# how to make mobile games without programming



## abhishek39 (Mar 24, 2012)

we have got different free software to make games for pc without programming.
can we do it for mobile?
i mean i want a software to develop java apps and games for mobile without programming.
i want to focus of Nokia s40 apps. since publishing the apps i Nokia store is cheap. and also since i only have an s40 phone touch phone(Nokia c2-03).
cant find one on Google.

Thought this is the right place to post in.


----------



## Alok (Mar 24, 2012)

Hmm Adobe Flash....
But there is action script too.
 without programming you can't get what you imaging in your mind.

Let any decent s40 game and observe the credit. That a long team...........


----------



## coolpcguy (Mar 24, 2012)

> i mean i want a software to develop java apps and games for mobile without programming.



That's not possible.


----------



## masterkd (Mar 26, 2012)

Give me way to implement logic without codes and I'll give you the engine to develop games without coding


----------



## Alok (Mar 26, 2012)

^lol yeah. Well said.


----------



## nbaztec (Mar 30, 2012)

> we have got different free software to make games for pc without programming.


What?! When they say CryENGINE, they don't refer to a timeline/card-based game engine. It involves serious programming.

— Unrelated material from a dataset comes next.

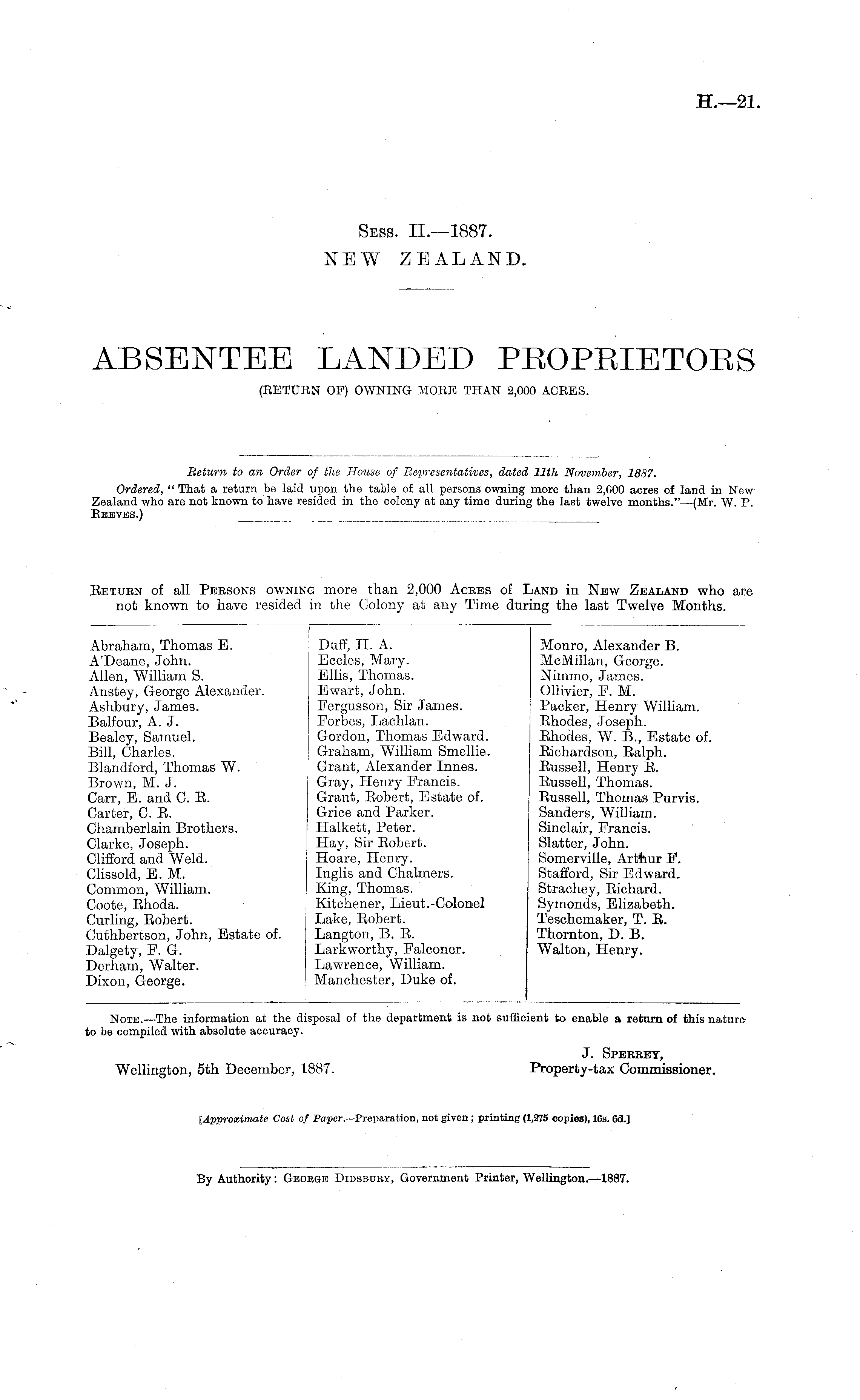Return to an Order of the House of Representatives, dated 11th November, 1887. Ordered, " That a return be laid upon the table of all persons owning more than 2,000 acres of land in New Zealand who are not known to have resided in the colony at any time during the last twelve months."—(Mr. W. P. Reeves.)

> i mean i want a software to develop java apps and games for mobile without programming


And I want to sail without a boat.



> i want to focus of Nokia s40 apps.


Search J2ME.



> cant find one on Google


Then it does not exist (or is on usenet).


----------



## Niilesh (Apr 5, 2012)

nbaztec said:


> What?! When they say CryENGINE, they don't refer to a timeline/card-based game engine. It involves serious programming.


He meant software like "Game Maker", "JumpCraft", etc.


----------



## abhishek39 (Apr 24, 2012)

Niilesh said:


> He meant software like "Game Maker", "JumpCraft", etc.



exactly....
so now can any one help....


----------